2.2.1. Spectral Angular Distance (SAD)

Spectral Angular Distance (SAD) describes the angular distance between two vectors, this is estimated by computing the cosine of the angles between the actual and the estimated endmembers [63].

The SAD between two spectra:

U = {(U_{i}, . . ., U_{R})}^{T}

and

V = {(V_{i}, . . ., V_{R})}^{T}

is defined as

S A D (U, V) = c o s^{- 1} (\frac{\sum_{i = 1}^{R} U_{i} V_{i}}{∥ U ∥ ∥ V ∥})

(3)

where R is the number of bands and

∥ U ∥ ∥ V ∥

are the modules of the vectors. Here, we compute the SAD between all pixels within the window W and use the minimum and maximum values respectively.

2.2.2. Covariance Matrix

The Covariance matrix proposes a way of fusing multiple spectra that are correlated. The variance of each spectra are represented by the diagonal values of the covariance matrix while the non-diagonal values represent the correlation [64]. The covariance matrix is defined by the following equation:

C = \frac{1}{R - 1} \sum_{i = 1}^{R} (X_{i} - μ_{i}) {(X_{i} - μ_{i})}^{T}

(4)

where

μ_{i}

is the mean vector of all pixels in band i and

X_{i}

is the vector containing all pixel values in band i within window W.

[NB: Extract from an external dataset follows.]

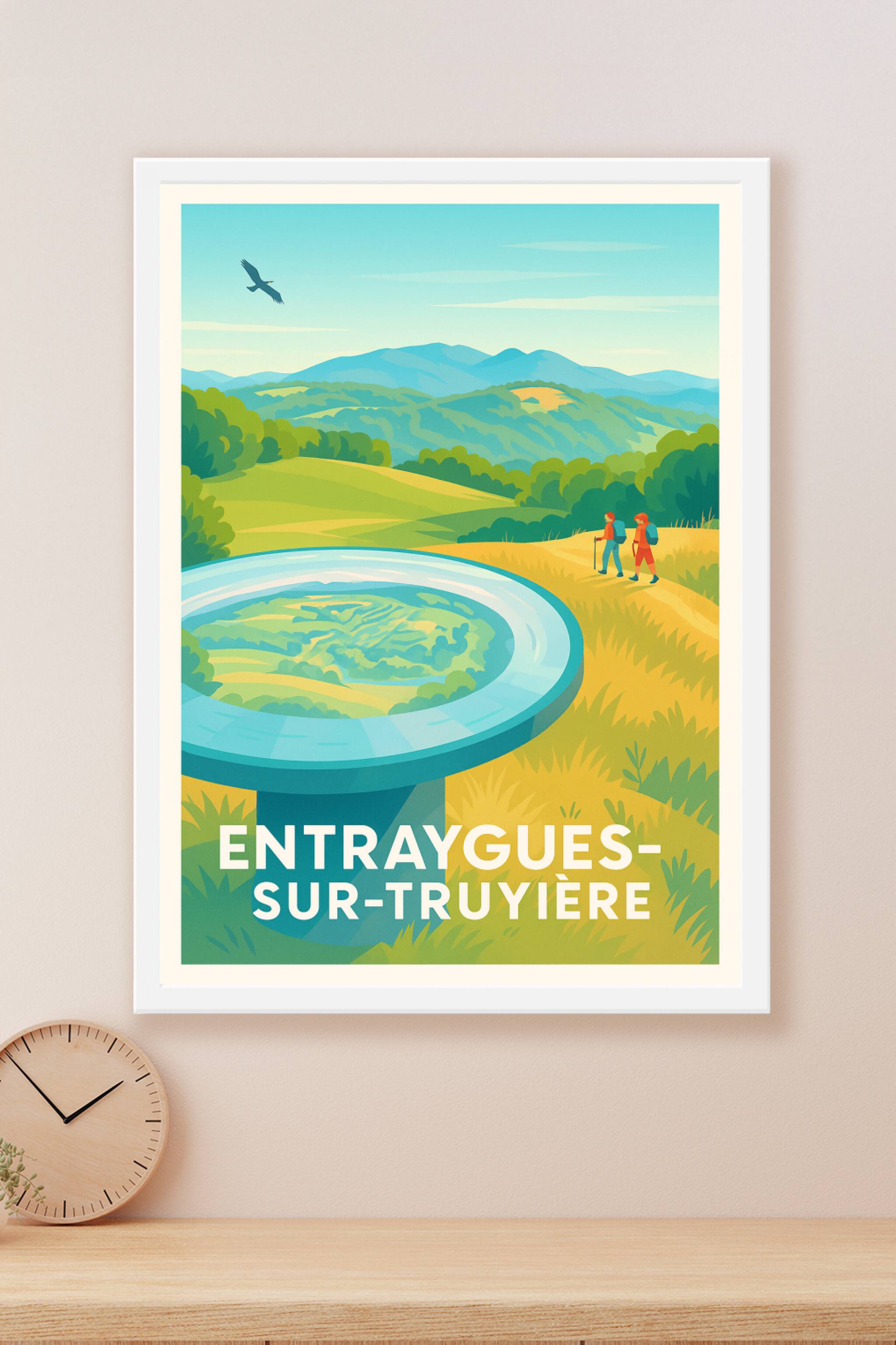 Découvrez l'ambiance paisible et verdoyante d'Entraygues-sur-Truyère à travers cette affiche au style rétro moderne. La vue panoramique sur les col...

2.2.3. Nonlinearity Parameter

The non-linearity parameter, b as computed to a window, is a parameter which quantifies the levels of nonlinearity in a pixel, given as:

b = \sum_{i = 1}^{L} \sum_{j = i + 1}^{L} a_{i} a_{j} m_{i} ⊙ m_{j} + n

(5)

where ⊙ is the Hadamard (term by term) product operation,

a_{i}

and

a_{j}

are the abundance reflectance spectra of endmembers i and j and L is the number of endmembers.

2.3. Learning

An Artificial Neural Network was used to predict the best method when switching between linear and nonlinear spectral unmixing.

The data for the Artificial Neural Networks were divided into 3 categories, namely: training, validation and testing sets.

The training set is used to fit the parameters of the classifier.
Validation set is used to minimize over-fitting (i.e., verifying the accuracy of the training data) over some untrained data by the networks, while
testing sets are used to test the final solution in order to confirm the actual predictive power of the network [65].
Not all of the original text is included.